Triaxial Magnetic Fields for the Control of Bioactive Materials in Bone Engineering

The Action “Triaxial Magnetic Fields for the Control of Bioactive Materials in Bone Engineering” (MATRIX-B) looks at utilise triaxial magnetic (TM) fields, with 3 degrees of freedom, to obtain a new generation of three-dimensional field-responsive biomaterials for orthopedic diseases. The research seeks to study new configurations that allow the simultaneous generation and control of magnetic fields in three-dimension (3D), thus being able to control very precisely and remotely the self-assembly of magnetic particles in polymeric solution, producing extraordinarily well-controlled microscale structures.
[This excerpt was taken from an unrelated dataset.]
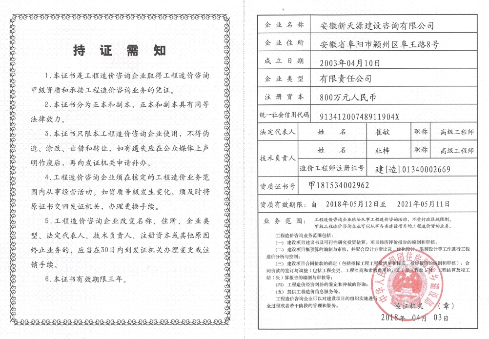 2008年11月取得工程造價(jià)資質(zhì)證書并成為阜陽市審計(jì)局審計(jì)協(xié)審定點(diǎn)單位;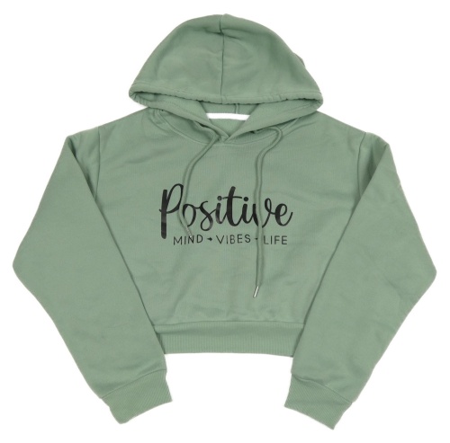 Olivová tepláková oversize crop mikina s nápismi a kapucňou SHEIN

Also, intends to control improved mechanical properties of new biomaterials, since magnetorheology under TM fields is still a completely unexplored field of research. This approach is opening up new perspectives on the ability to specifically control a biomaterial "on demand". Such topics are important because society needs new therapeutic approaches to impulse and assist tissue regeneration in patients with reduced endogenous regenerative potential, as treatment of bone defects are still clinical challenges. Life expectancy will continue to increase, yet unhealthy life years for each individual make up around 20% of a person's life. To replace the insufficiency of organs and tissues in the clinic and opt for a non-invasive medicine, novel tissue engineering approaches are emerging to meet regenerative medicine demands and challenges. In this respect, the use of magnetic fields is appealing as remote signaling for non-invasive controlling and ready activation of smart biomedical devices. The ability to handle, simultaneously and precisely, magnetic fields in the 3D opens up new perspectives on the ability to specifically control a biomaterial. Objectives of this Marie Skłodowska Curie Action (MSCA) have been to (a) prepare and characterize magnetic particles and biocompatible fluids; (b) study of colloidal self-assembly under TM fields and related mechanical properties; and (c) test the response in vitro and in vivo of magnetic fluids exposed to triaxial magnetic fields. Another important parallel goal of the MSCA is to foster the development of the individual researcher.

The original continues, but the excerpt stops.